By default, the HDFS block size is 128MB for Hadoop 2.X. Sometimes, we may want to change this default block size for optimization purposes. When this configuration is successfully updated, all the new files will be saved into blocks of this size. Ensure that these changes do not affect the files that are already present in HDFS; their block size will be defined at the time being copied.

Setting the HDFS block size for a specific file in a cluster

In this recipe, we are going to take a look at how to set the block size for a specific file only.

Getting ready

To perform this recipe, you should already have a running Hadoop cluster.

How to do it...

In the previous recipe, we learned how to change the block size at the cluster level. But this is not always required. HDFS provides us with the facility to set the block size for a single file as well. The following command copies a file called myfile to HDFS, setting the block size to 1MB:

hadoop fs -Ddfs.block.size=1048576  -put /home/ubuntu/myfile /

Once the file is copied, you can verify whether the block size is set to 1MB and has been broken into exact chunks:

hdfs fsck -blocks /myfile
    Connecting to namenode via 
    http://localhost:50070/fsck?ugi=ubuntu&blocks=1&path=%2Fmyfile
    FSCK started by ubuntu (auth:SIMPLE) from /127.0.0.1 for path 
    /myfile at Thu Oct 29 14:58:00 UTC 2015
    .Status: HEALTHY
    Total size:    17276808 B
    Total dirs:    0
    Total files:   1
    Total symlinks:                0
    Total blocks (validated):      17 (avg. block size 1016282 B)
    Minimally replicated blocks:   17 (100.0 %)
    Over-replicated blocks:        0 (0.0 %)
    Under-replicated blocks:       0 (0.0 %)
    Mis-replicated blocks:         0 (0.0 %)
    Default replication factor:    1
    Average block replication:     1.0
    Corrupt blocks:                0
    Missing replicas:              0 (0.0 %)
    Number of data-nodes:          3
    Number of racks:               1
    FSCK ended at Thu Oct 29 14:58:00 UTC 2015 in 2 milliseconds

    The filesystem under path '/myfile' is HEALTHY

How it works...

When we specify the block size at the time of copying a file, it overwrites the default block size and copies the file to HDFS by breaking the file into chunks of a given size.
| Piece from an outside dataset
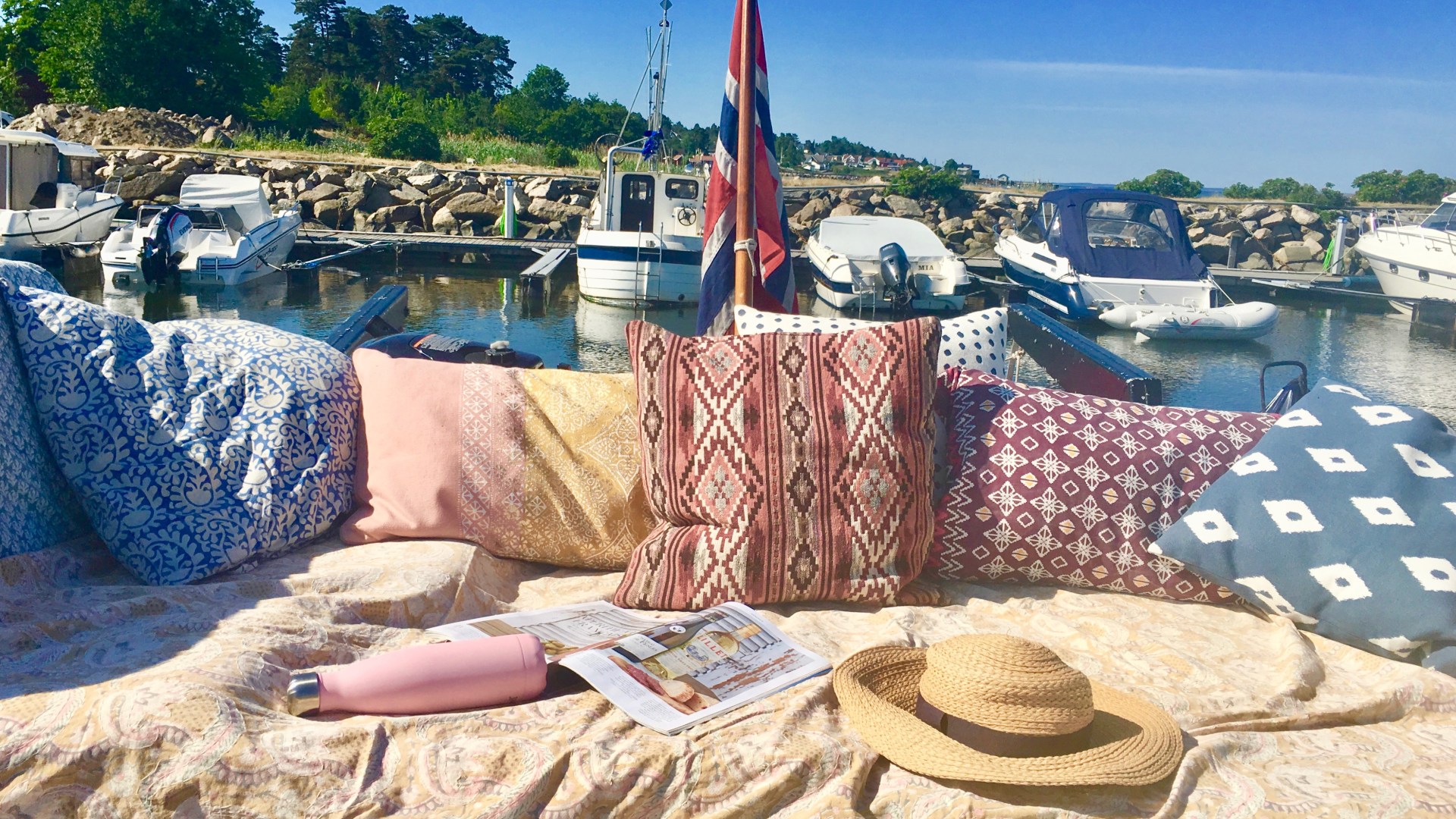 Det som ofte slår meg, i tillegg til at det selvfølgelig finnes utrolig mange fine båter, er at alle innreder dem veldig likt! Uansett prisklasse og størrelse på skuta virker det som om alle har handlet i den samme butikken. For hvorfor har alle blå puter med anker eller blårøde stjerner? Hvorfor har alle Lexington-inspirerte pledd og de samme plasttallerknene med båtmotiv? De samme klappstolene?

Generally, these modifications are made in order to perform other optimizations. Make sure you make these changes, and you are aware of their consequences. If the block size isn't adequate enough, it will increase the parallelization, but it will also increase the load on NameNode as it would have more entries in FSImage. On the other hand, if the block size is too big, then it will reduce the parallelization and degrade the processing performance.

Enabling transparent encryption for HDFS

When handling sensitive data, it is always important to consider the security measures. Hadoop allows us to encrypt sensitive data that's present in HDFS. In this recipe, we are going to see how to encrypt data in HDFS.

Getting ready

To perform this recipe, you should already have a running Hadoop cluster.

How to do it...

For many applications that hold sensitive data, it is very important to adhere to standards such as PCI, HIPPA, FISMA, and so on. To enable this, HDFS provides a utility called encryption zone where we can create a directory in it so that data is encrypted on writes and decrypted on read.
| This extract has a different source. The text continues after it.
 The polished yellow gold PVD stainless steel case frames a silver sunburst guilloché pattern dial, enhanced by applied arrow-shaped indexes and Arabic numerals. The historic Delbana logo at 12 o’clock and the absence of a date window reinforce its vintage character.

To use this encryption facility, we first need to enable Hadoop Key Management Server (KMS):

/usr/local/hadoop/sbin/kms.sh start

This would start KMS in the Tomcat web server.

Next, we need to append the following properties in core-site.xml and hdfs-site.xml.

In core-site.xml, add the following property:

<property>
    <name>hadoop.security.key.provider.path</name>
    <value>kms://http@localhost:16000/kms</value>
</property>

In hds-site.xml, add the following property:

<property>
    <name>dfs.encryption.key.provider.uri</name>
    <value>kms://http@localhost:16000/kms</value>
</property>

Restart the HDFS daemons:

/usr/local/hadoop/sbin/stop-dfs.sh
/usr/local/hadoop/sbin/start-dfs.sh

Now, we are all set to use KMS. Next, we need to create a key that will be used for the encryption:

hadoop key create mykey

This will create a key, and then, save it on KMS. Next, we have to create an encryption zone, which is a directory in HDFS where all the encrypted data is saved:

hadoop fs -mkdir /zone
hdfs crypto -createZone -keyName mykey -path /zone

We will change the ownership to the current user:

hadoop fs -chown ubuntu:ubuntu /zone

If we put any file into this directory, it will encrypt and would decrypt at the time of reading:

hadoop fs -put myfile /zone
hadoop fs -cat /zone/myfile

How it works...

There can be various types of encryptions one can do in order to comply with security standards, for example, application-level encryption, database level, file level, and disk-level encryption.

The HDFS transparent encryption sits between the database and file-level encryptions. KMS acts like proxy between HDFS clients and HDFS's encryption provider via HTTP REST APIs. There are two types of keys used for encryption: Encryption Zone Key( EZK) and Data Encryption Key (DEK). EZK is used to encrypt DEK, which is also called Encrypted Data Encryption Key(EDEK). This is then saved on NameNode.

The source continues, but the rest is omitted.